The past warrior trained the body daily preparing for war or preparing to defend their kingdom. Despite all of our wonderful health programmes and gym training routines, the “conventional” workouts we do these days would be no match to the kind of arduous training that the ancient soldier would have made. Physical limits were not in the equation of how one trained. Even when the body was put under extreme conditions and injuries due to overexertion, the ancient warrior would ignore their limits possibly because of their loyalty to the king and possibly because they felt there was no other way than to fight on. With the fighting skills, the ancient warrior was agile, flexible, spatially aware, had quick reflexes and amazing coordination and strength as a consequence of their training.
In modern times of peace, the use of the human body as a weapon is becoming less and less important in modern military strategies, being replaced by machines and computer technologies and relatively few people in the world have to train to fight to kill.
Therefore, the evolutionary need to train body intelligence is now for other reasons than being a killer or defender of land. These days we need to develop body intelligence for being alert and maintaining a good state of mind, body and mind being essentially connected.
We need in some way to be our own medical expert as we diagnose ourselves with how our lifestyles are affecting our physical health. How many times do we have conversations over lunch with colleagues about what we should and should not eat and how certain products on the market may be affecting our health? Our training “in honour of a king” is almost unheard of these days. Imagine that we would swear our oath to WIllem Alexander, King of the Netherlands every time we did a workout. It makes sense for a military troop to swear their oath and loyalty. It doesn’t make any sense for an individual member of a multi-cultural secular population in an individualistic society to do so.
The loyalty imposed on you today is imposed by yourself to yourself.
You promise yourself you will get up in the morning and go for that run. You do it because you owe it to yourself and to your health not because you are part of some military might which you have to be fit to defend and after the job is done, the satisfaction of having done so is with thanks to you and no leading authority above you. This leads to certain questions about how, then, does spiritual intelligence fit in this picture if all the intelligence levels are connected. We’ll address that a bit later.

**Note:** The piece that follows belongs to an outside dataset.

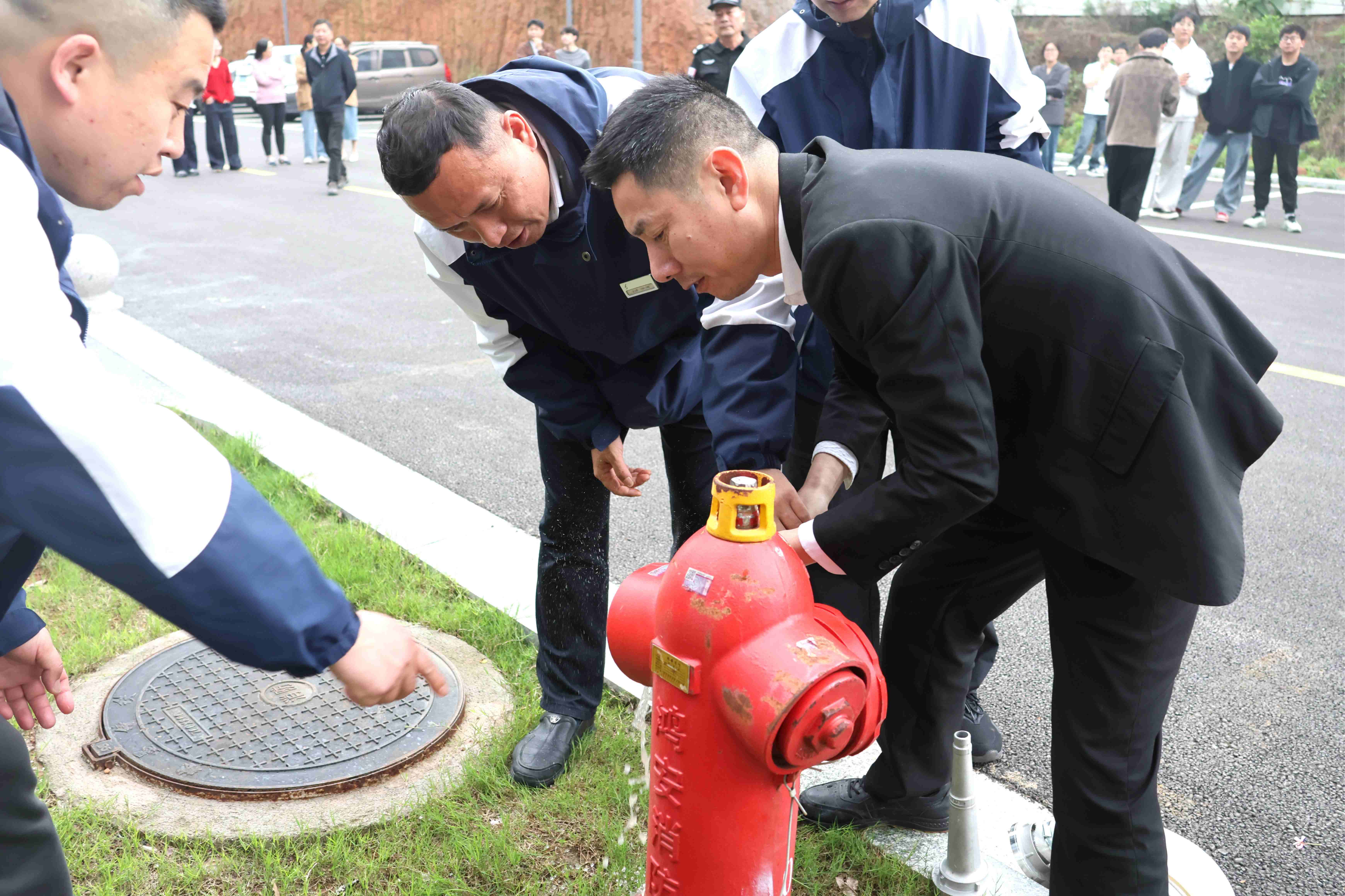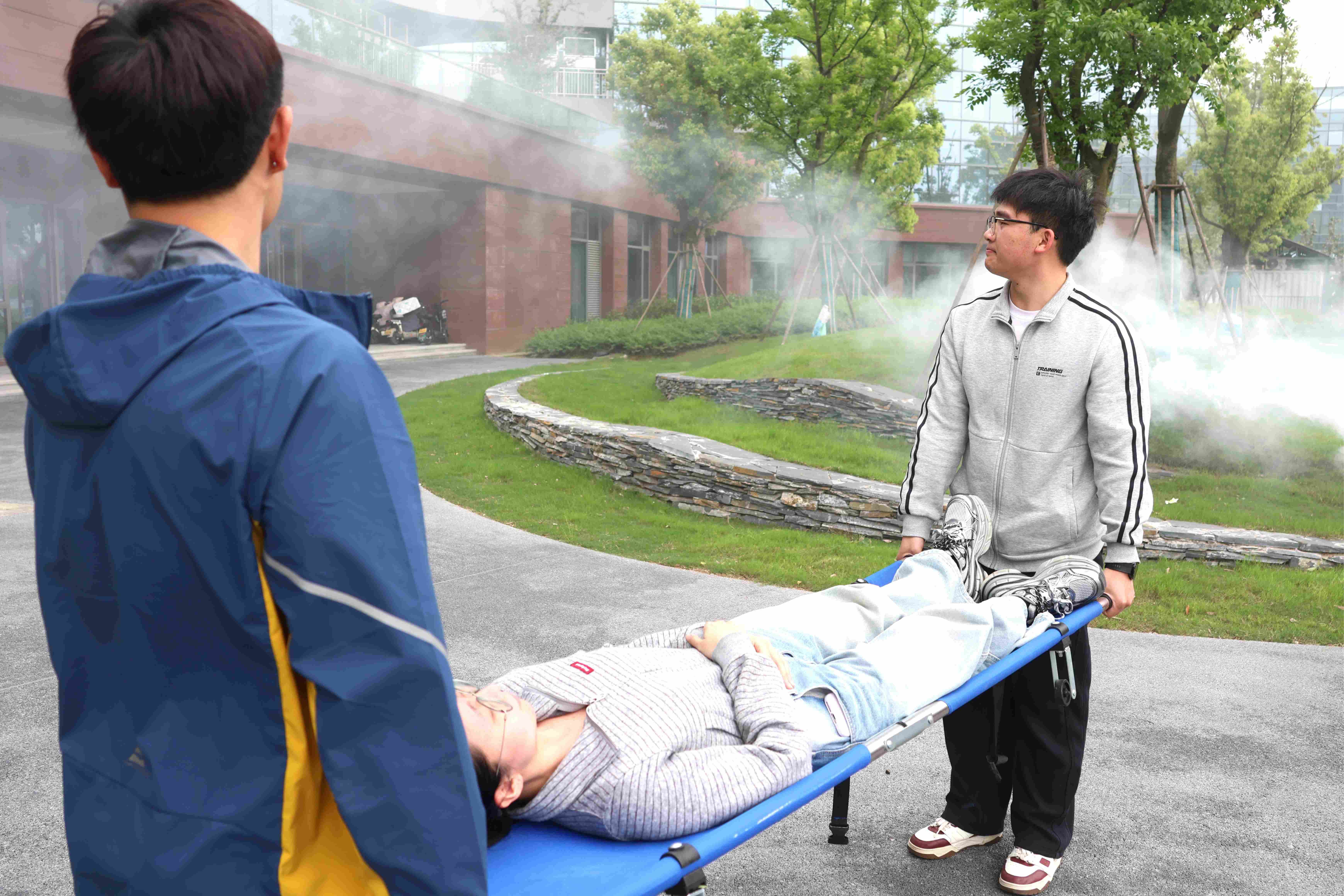 各楼栋疏散负责人分区域值守,引导学生用湿毛巾捂住口鼻、弯腰低姿,沿安全楼梯有序疏散;化工团队急救组同步开展模拟伤员转移演练,高效完成应急救护转移;灭火组人员则快速抵达起火楼层,熟练操作消防水带,规范开展初期火灾扑救演练,全程配合默契、处置规范。

The body gives off many signals about stresses, behaviors or pathologies that we might be adopting in our lives.
Therefore, our training of Body Intelligence in modern times has to be directed to awareness of those signals. To understand what we are holding when we keep the shoulders up, and what we have to let go of we have to go beyond just a physical fitness routine.
Physical fitness might give us a pristine body and help us with relieving temporary stresses, but if we don’t practice to develop body intelligence, our muscular body might just be covering up some important emotional issues that have been stored physically.
As a summary:
To train body intelligence as an ancient warrior: Practice fighting, hunting, develop wild instinct.

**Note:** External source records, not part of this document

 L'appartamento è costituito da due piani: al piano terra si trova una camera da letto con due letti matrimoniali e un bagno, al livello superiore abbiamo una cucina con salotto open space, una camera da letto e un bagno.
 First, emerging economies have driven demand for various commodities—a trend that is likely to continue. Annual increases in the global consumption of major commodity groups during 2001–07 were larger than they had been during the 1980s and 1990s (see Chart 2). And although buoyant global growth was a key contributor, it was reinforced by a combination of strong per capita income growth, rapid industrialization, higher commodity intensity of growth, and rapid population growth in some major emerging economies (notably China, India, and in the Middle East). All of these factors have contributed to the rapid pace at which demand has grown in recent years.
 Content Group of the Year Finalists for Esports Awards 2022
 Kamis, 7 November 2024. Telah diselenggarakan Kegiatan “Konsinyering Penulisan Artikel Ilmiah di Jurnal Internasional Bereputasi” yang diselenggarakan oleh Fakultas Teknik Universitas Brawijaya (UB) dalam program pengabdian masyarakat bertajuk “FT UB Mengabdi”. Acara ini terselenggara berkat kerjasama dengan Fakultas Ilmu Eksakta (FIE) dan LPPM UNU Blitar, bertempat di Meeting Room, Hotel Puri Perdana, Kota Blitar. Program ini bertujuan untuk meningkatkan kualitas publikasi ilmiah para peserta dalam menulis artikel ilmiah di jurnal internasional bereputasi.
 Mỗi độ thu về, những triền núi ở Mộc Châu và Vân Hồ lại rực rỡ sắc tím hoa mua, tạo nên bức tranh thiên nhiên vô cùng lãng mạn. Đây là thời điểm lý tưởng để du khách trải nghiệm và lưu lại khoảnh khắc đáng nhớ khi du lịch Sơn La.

To train body intelligence as a modern warrior: Practice body response and awareness/mindfulness of signals arising from the body. Deepend connection of breath to the body's movement. Exercise propreception (awareness of body part positions in space and awareness of how the weight is distributed when balancing).
It would make sense that the advanced elite soldiers would have had some clue about the latter training approach in addition to their physical fighting skills which logically would have led to an advantage and made them more successful in their missions.